Tir de barrage contre la "poison pill" d'Ahold Delhaize

L'assemblée d'Ahold Delhaize du 11 avril prochain risque d'être animée. ©ANP

De plus en plus de voix s'élèvent pour que les actionnaires d'Ahold Delhaize aient leur mot à dire sur la reconduction de la pilule empoisonnée qui protège actuellement le groupe contre une éventuelle offre hostile.

L’assemblée d’Ahold Delhaize qui se tient mercredi prochain, 11 avril, à Amsterdam risque d’être un peu tendue.

Certes, on y évoquera certainement les changements annoncés ce matin à la tête du groupe de distribution avec la nomination d’un nouveau CEO, Frans Muller, et d’un nouveau président, Jan Hommen, tout comme le départ de deux administrateurs belges.

Mais le renouvellement de la pilule empoisonnée ("poison pill") qui pourrait intervenir dans les mois à venir va s’inviter dans le débat et pourrait cristalliser les tensions au sein des actionnaires.

On a déjà évoqué, il y a peu, ce montage qui permet au groupe de distribution de se mettre à l’abri d’une éventuelle offre hostile. Ses statuts prévoient la possibilité d’émettre des actions préférentielles cumulatives. Une fondation, la "Stichting Continuiteit Ahold Delhaize", SCAD, (dont la dénomination veut tout dire) dispose d’une option pour acquérir ces actions jusque fin décembre 2018. Celles-ci jouent un rôle de dissuasion mais peuvent permettre, dans un cas extrême, de diluer la participation d'un prédateur téméraire.

Les actionnaires tenus à l'écart

Cette option peut être prolongée à l’initiative du comité de direction avec accord du conseil d’administration.
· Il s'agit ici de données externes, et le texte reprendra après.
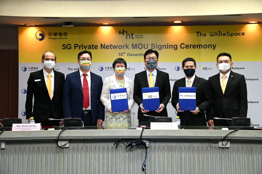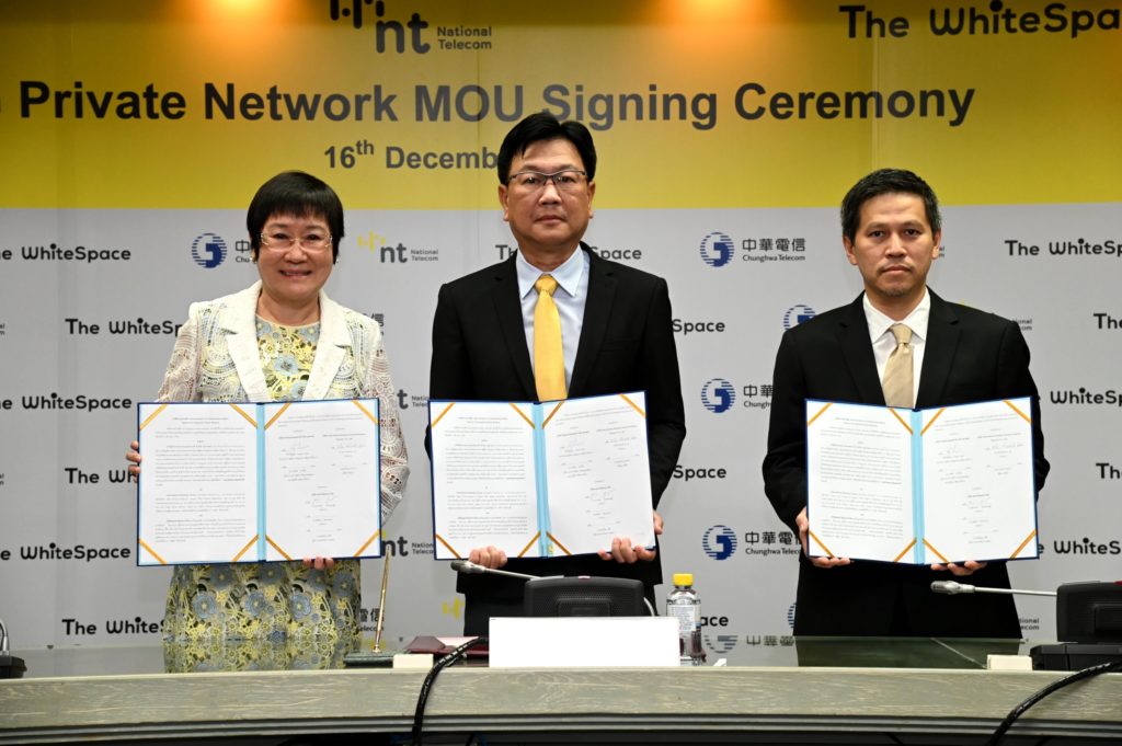 บริษัท โทรคมนาคมแห่งชาติ จำกัด (มหาชน) (NT) สำนักงานแจ้งวัฒนะ นายณัฐวุฒิ ศาสตราวาหะ รองกรรมการผู้จัดการใหญ่สายงานสื่อสารไร้สาย 2 NT คุณ ซาราห์ อู๋ (Sarah Wu) ประธานกลุ่มธุรกิจระหว่างประเทศ จุงหวา เทเลคอม (Chunghwa Telecom) และ นายปกรณ์ พรรณเชษฐ์ ประธานเจ้าหน้าที่บริหารบริษัท เดอะ ไวท์สเปซ (WhiteSpace (WSP) ลงนามในบันทึกข้อตกลงความร่วมมือโครงการ 5G Enterprise Private Network ระหว่าง บริษัท โทรคมนาคมแห่งชาติ จำกัด (มหาชน) (NT) กับ Chunghwa Telecom และ บริษัท เดอะไวท์สเปซ จำกัด

Une mesure dont on peut comprendre l’utilité dans un secteur, la grande distribution, en pleine mutation. "Ahold Delhaize et la SCAD ont entamé des discussions sur une possible extension de cette option mais aucune conclusion n’a encore été atteinte à ce stade" signalent le président du CA et le CEO (tous deux sur le départ, rappelons-le) dans une lettre aux actionnaires.
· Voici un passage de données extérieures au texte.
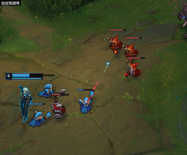 注意,我们钻进诺手Q内圈的动作不能通过“A诺手”的指令完成,必须点击诺手身后的地板。如果鼠标点击诺手,我们自己可能会在最大普攻距离进行攻击前摇,诺手稍后撤一点点就能让Q命中外圈。
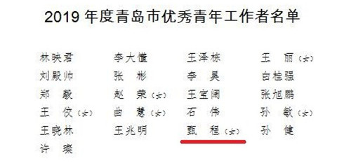 近日,共青團青島市委下發《關于表彰2019年度共青團工作先進集體和先進個人的通報》,我校團委被共青團青島市委授予“2019年度青島市先進團委”榮譽稱號,我校團委書記甄程被評為“2019年度青島市優秀青年工作者”。
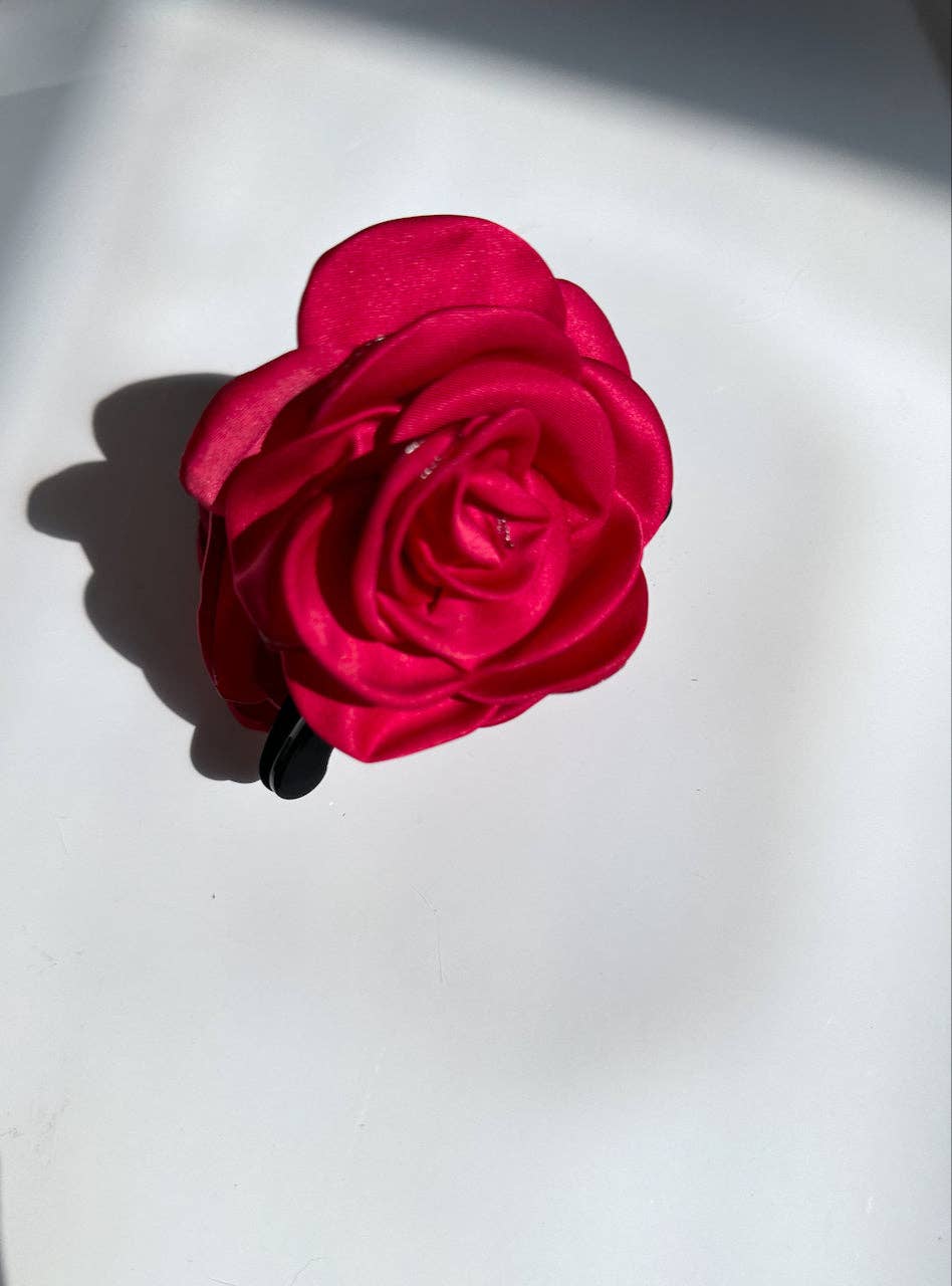Solar Eclipse | Handmade Big Satin Rose Flower Hair Claw Clip - Red

Lors de l’assemblée générale, la direction du groupe compte évoquer ce sujet mais il ne sera pas soumis au vote. Ce qui irrite certains actionnaires.

La VEB et un fonds spéculatif montent au créneau

Aujourd’hui, c’est au tour de l’association néerlandaise "Vereniging van Effectenbezitters" (VEB) de manifester son mécontentement et de demander que cette pilule empoisonnée fasse l’objet d’un scrutin. "Il a déjà été largement démontré que quand on a besoin d’argent les actionnaires sont sollicités mais lorsqu’il s’agit de prendre une décision qui concerne l’avenir du groupe on nous demande de nous taire" a lancé son président.

L'action Ahold Delhaize a nettement sous-performé l'an denier par rapport au Bel 20.

Le fonds activiste français CIAM qui détient une position de plusieurs dizaines de millions d’euros sur Ahold Delhaize avait déjà tiré à boulets rouges sur cette construction financière et réclamé un vote. "Le secteur est mal en point. Il doit se consolider. Nous souhaitons que le groupe trouve de bonnes idées et ne se cache pas derrière cette fondation" a indiqué une des responsables du fonds.

Bernstein aussi

Les analystes de Bernstein tapent sur le même clou. Ils estiment que le renouvellement de l’option va probablement à l’encontre des souhaits des investisseurs. "Les pilules empoisonnées constituent de la mauvaise corporate governance écrivent-ils dans la mesure où elles ôtent le contrôle aux actionnaires au moment où leur opinion est la plus importante."

Selon le dernier rapport annuel d’Ahold Delhaize ses actionnaires principaux (participation égale ou supérieure à 3%) sont BlackRock 4,49% du capital et 6,14% des droits de vote, DeltaFort Beleggingen 10,82% du capital et 3,43% des droits de vote, NN Group 4,89% du capital et 2,54% des droits de vote et, enfin, la Stichting Administratiekantoor Preferente Financierings Aandelen Ahold avec 14,42% du capital et 5,03% des droits de vote.